I remember having feelings like this. But now, with perspective, it wasn't *that* bad. I think my time frame was similar to yours, an hour or two at a time. I developed coping (and without smartphones!), such as taking a book, that got me through it.
And, like you said, there are many family situations that are so-so. But everybody has them, everybody develops ways of dealing with them. And hopefully the encounters aren't ALL bad.
I wish I had asked more questions. No, not about personal stuff or secrets, but about historical stuff. My grandmother witnessed women's getting the vote. I wish I had asked her about that. I wish I had asked her about the Depression, when she had the only job in the family. I wish I had asked more about the realities of living in a small midwestern town. I DID start to ask her these things, but then it was too late.
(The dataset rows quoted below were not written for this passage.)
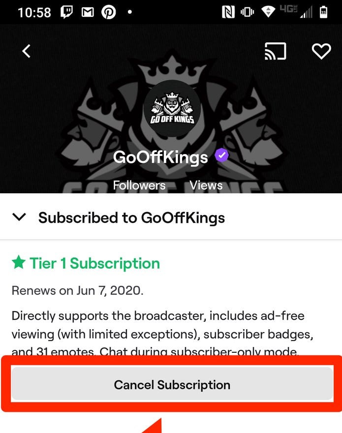 The method is different if you started your Subscription using a mobile device  You must cancel the Subscription using the Twitch Application on your mobile, the platform-specific app store, or the platform-specific website, depending on your device.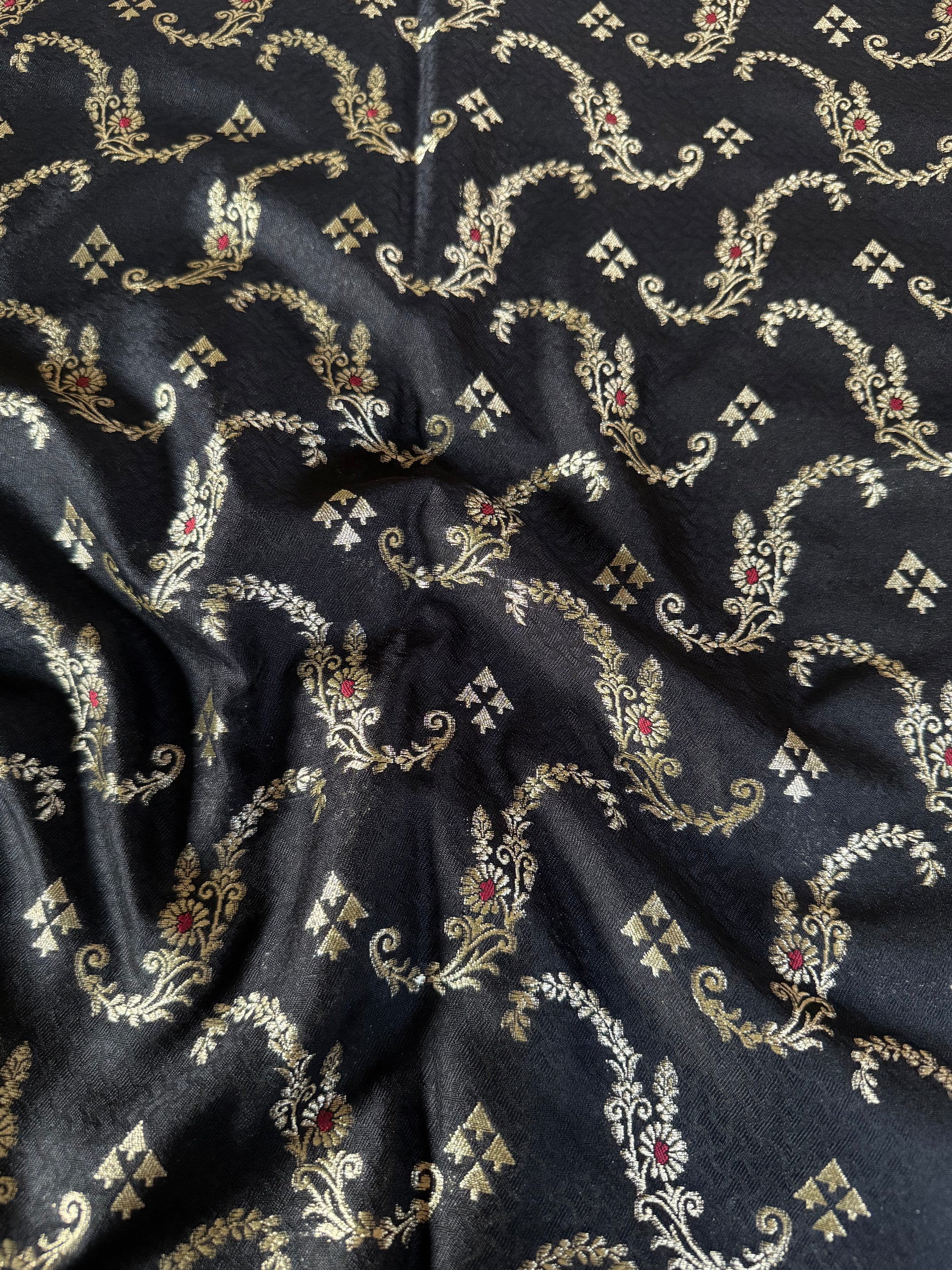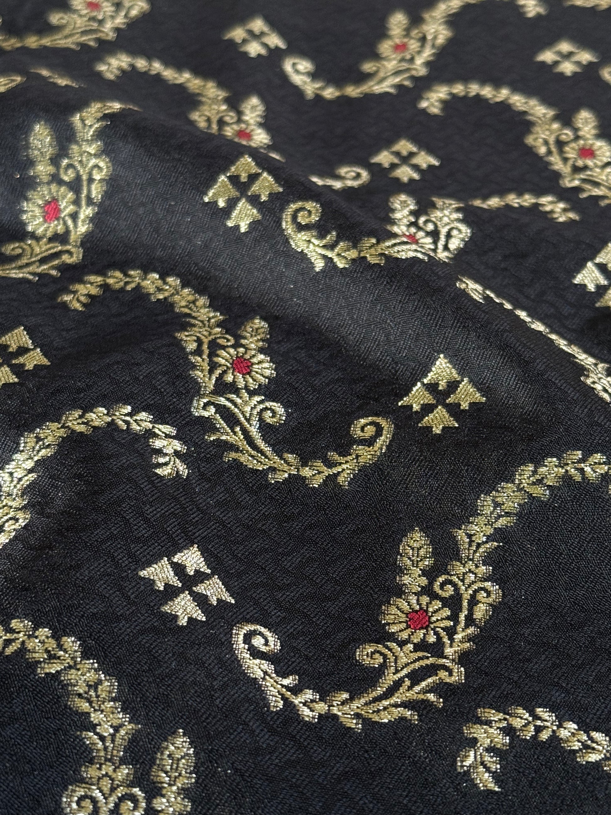 Handwoven Black Silk Tanchoi Meenakari Jaal Fabric Thaan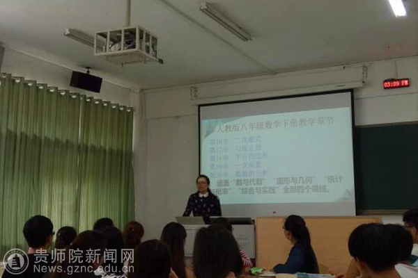 本网讯 5月10日,贵州省教育大数据技术与教育数学院士工作站、贵州省中小学名师工作室万象城网页版工作站(数学)特邀贵州省中小学丁光琴名师工作室主持人凯里五中副校长丁光琴老师和团队成员欧春龙老师到我校为数学与计算机科学学院(以下简称数计学院)2015级卓越教师班同学做初中数学教材分析专题讲座和赛课经验分享交流会,活动在致远楼411进行。此次活动由卓越教师项目负责人数计学院副院长肖宏治主持,卓越教师项目主持人李艳琴,项目组成员梅俊雷老师出席此次讲座,2015级卓越教师班全体成员共同参加。

I know your grandmother is probably much younger than that. But she likely straddles one of the most significant divides in history, that of the digital revolution. It is really interesting to see how society has changed and is still changing in response to this revolution. Ask her about it - and don't accept superficial answers like "we all had to use a rotary dial on a telephone, ha-ha." Get deeper.
Ask her if she read girls' fiction and what the subjects were. (I remember reading many a teen girl book where the general emphasis was to have true girlfriends, and yes, boyfriends, but not "serious." (Honestly it took me DECADES before I realized what "serious" was a code word for, lol!) Ask her if and when she and her friends began to color their hair and what constituted female attractiveness. Did girls spend money getting their nails done? Did messages change about what the trajectory of one's life should be (remember, she probably straddled the women's movement as well.) How were her relationships with *her* grandparents? Were they alive?
Asking these questions and others you will think of - and you will find it harder to get serious answers than you would think - will make you ask questions about your own that will really make your life and environment more interesting. I wish I had done more of that.